§ Entries supplied
************
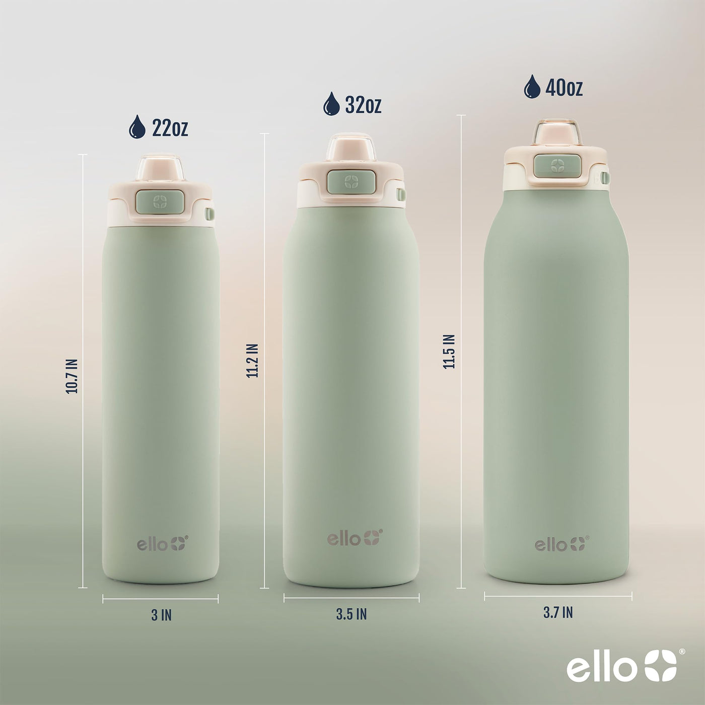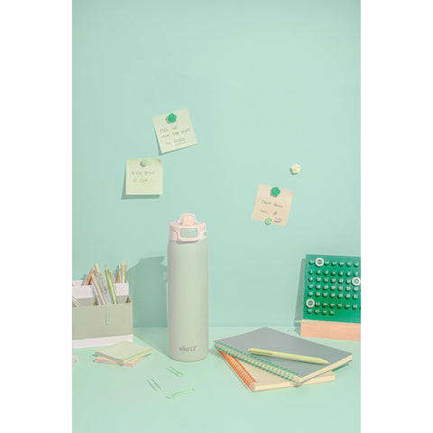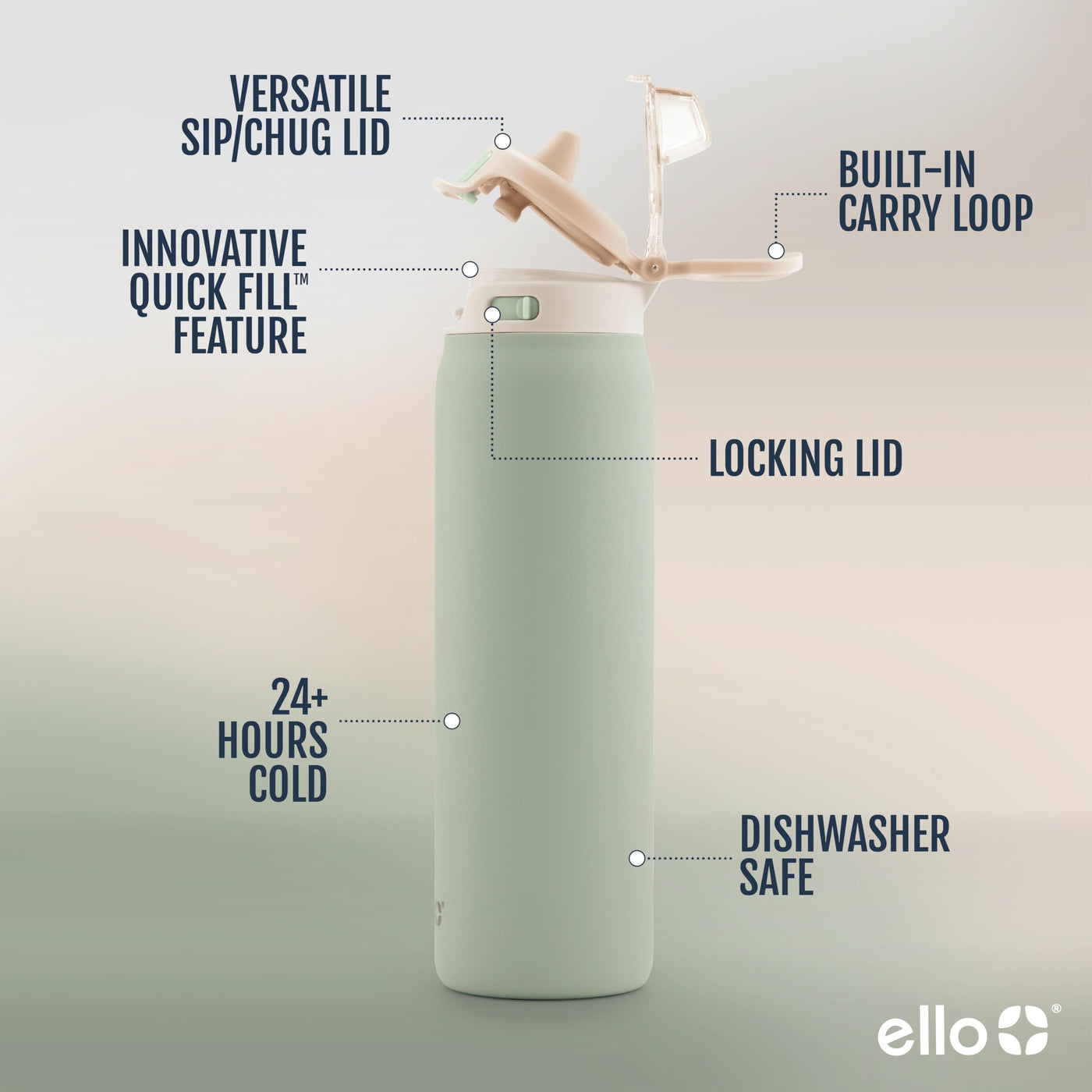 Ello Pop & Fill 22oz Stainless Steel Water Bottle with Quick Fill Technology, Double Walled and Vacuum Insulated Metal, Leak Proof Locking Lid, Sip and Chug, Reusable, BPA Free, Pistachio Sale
************
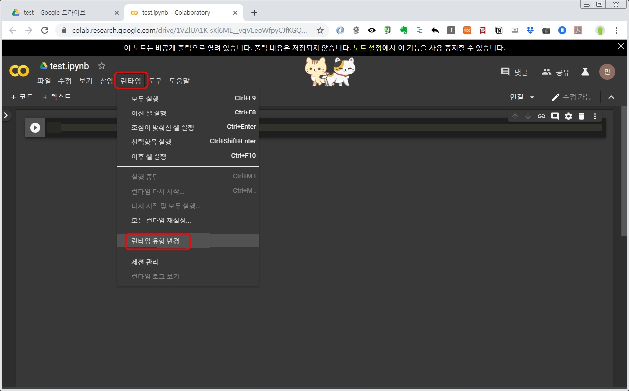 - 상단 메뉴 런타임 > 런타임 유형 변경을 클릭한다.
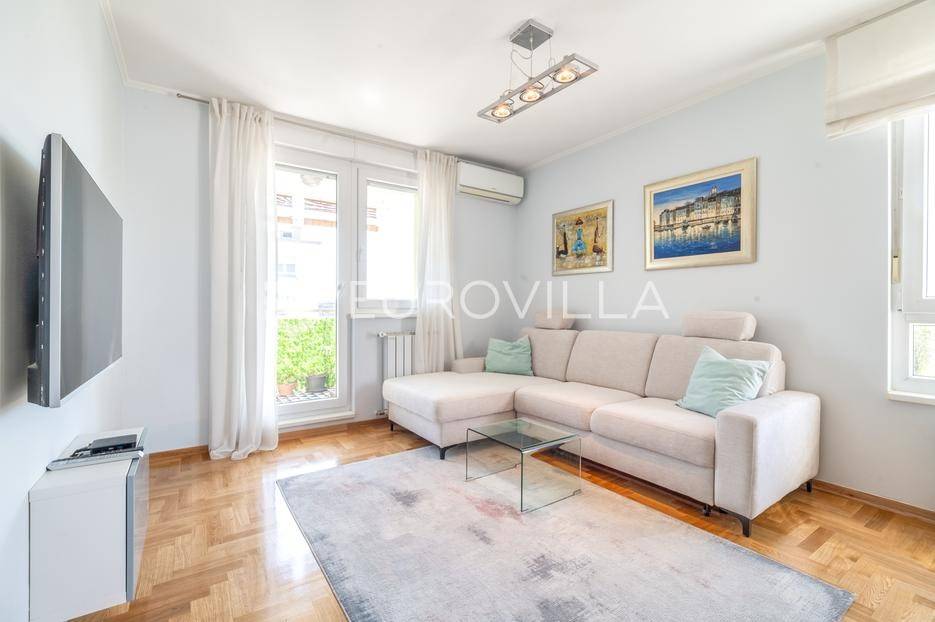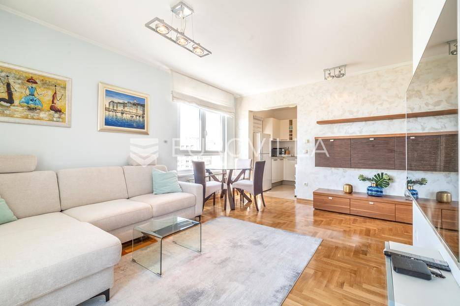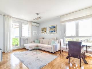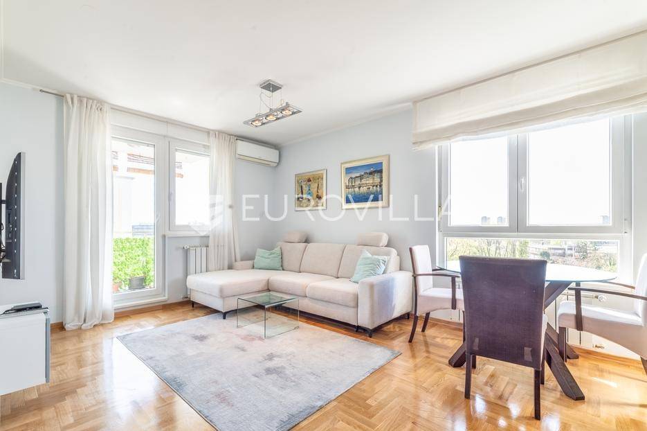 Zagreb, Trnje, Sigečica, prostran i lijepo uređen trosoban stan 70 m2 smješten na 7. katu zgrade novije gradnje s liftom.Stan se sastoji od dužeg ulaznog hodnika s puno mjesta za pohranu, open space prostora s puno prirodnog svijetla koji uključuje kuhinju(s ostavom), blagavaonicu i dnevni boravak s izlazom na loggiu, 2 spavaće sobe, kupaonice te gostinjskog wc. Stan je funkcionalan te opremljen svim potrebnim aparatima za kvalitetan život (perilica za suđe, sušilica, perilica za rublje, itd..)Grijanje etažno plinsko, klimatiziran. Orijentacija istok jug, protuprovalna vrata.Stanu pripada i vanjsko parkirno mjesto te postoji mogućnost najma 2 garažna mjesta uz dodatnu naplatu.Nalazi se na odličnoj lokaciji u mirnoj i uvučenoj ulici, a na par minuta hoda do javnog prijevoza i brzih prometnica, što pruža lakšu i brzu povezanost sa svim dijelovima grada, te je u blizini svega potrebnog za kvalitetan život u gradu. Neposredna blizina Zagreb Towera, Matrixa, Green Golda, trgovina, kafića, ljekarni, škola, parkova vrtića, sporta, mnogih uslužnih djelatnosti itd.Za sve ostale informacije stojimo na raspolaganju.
************
§ What to work on
Copy nothing but the lines above that run from the one with "- 상단 메뉴 런타임 > 런타임 유형 변경을 클릭한다." to the one with "Zagreb, Trnje, Sigečica, prostran", ends included; pictures stay out.

§ Response below
 - 상단 메뉴 런타임 > 런타임 유형 변경을 클릭한다.
 Zagreb, Trnje, Sigečica, prostran i lijepo uređen trosoban stan 70 m2 smješten na 7. katu zgrade novije gradnje s liftom.Stan se sastoji od dužeg ulaznog hodnika s puno mjesta za pohranu, open space prostora s puno prirodnog svijetla koji uključuje kuhinju(s ostavom), blagavaonicu i dnevni boravak s izlazom na loggiu, 2 spavaće sobe, kupaonice te gostinjskog wc. Stan je funkcionalan te opremljen svim potrebnim aparatima za kvalitetan život (perilica za suđe, sušilica, perilica za rublje, itd..)Grijanje etažno plinsko, klimatiziran. Orijentacija istok jug, protuprovalna vrata.Stanu pripada i vanjsko parkirno mjesto te postoji mogućnost najma 2 garažna mjesta uz dodatnu naplatu.Nalazi se na odličnoj lokaciji u mirnoj i uvučenoj ulici, a na par minuta hoda do javnog prijevoza i brzih prometnica, što pruža lakšu i brzu povezanost sa svim dijelovima grada, te je u blizini svega potrebnog za kvalitetan život u gradu. Neposredna blizina Zagreb Towera, Matrixa, Green Golda, trgovina, kafića, ljekarni, škola, parkova vrtića, sporta, mnogih uslužnih djelatnosti itd.Za sve ostale informacije stojimo na raspolaganju.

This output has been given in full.